“该不该死,尚无定论。给你两个选择,或是贫道出手,魂飞魄散。或是屈居此玉,待入轮回。”
道长的脸上出现了一抹不耐烦的神色,看着我,久久得不到回应之后,再次从怀中取出了一件物什,似张符箓,上面画着我看不懂的纹路。
“我是枉死,本心不甘,你若强来,我便拉他共赴黄泉。”这话说出来后,仿佛作为一个局外人的我,内心别提是有多么的难受。
我才十二岁,我还年轻,他不甘心,难道我就该死?
“世间之事,本无对错之分,你凭白牵人性命,自是着了道相。贫道受人所托,只为驱魂而来,如若你再执迷,休怪贫道手下没个轻重。”

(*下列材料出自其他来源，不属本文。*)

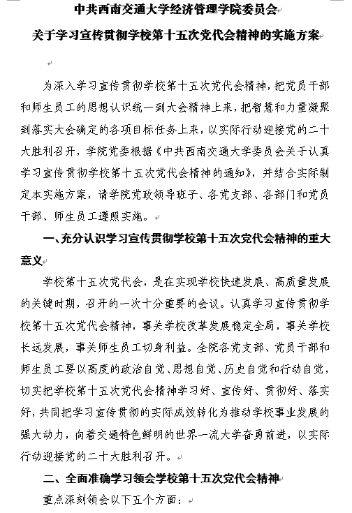 公司党委会和党政联席会强调,认真学习宣传贯彻公司第十五次党代会精神,事关公司改革发展稳定全局,事关学董事长远发展,事关师生员工切身利益。全院各党支部、党员干部和师生员工要以高度的政治自觉、思想自觉、历史自觉和行动自觉,切实把公司第十五次党代会精神学习好、宣传好、贯彻好、落实好,共同把学习宣传贯彻的实际成效转化为推动公司、公司事业发展的强大动力,建设高水平有特色、西部一流、全国知名的商公司,向着交通特色鲜明的世界一流大学奋勇前进,以实际行动迎接党的二十大胜利召开。

道长拉下了自己的脸,心里在想什么,我不知道,但我能够看得出来,此时的他,就像是一座即将爆发的火山,充满了不稳定的情绪。
“呵呵,那就让我带他...”
话还没有说完,我的内心就凭白升起了一丝绝望的情绪,只感觉自己的周身被无尽的怨念和恐惧缠绕,下一刻就会身死的那种感觉。
“尔敢!”迷蒙之中,我只看到道长抓着那张符箓,直接朝我的脑袋拍了过来,而我,也根本没有丝毫可以抵抗的能力。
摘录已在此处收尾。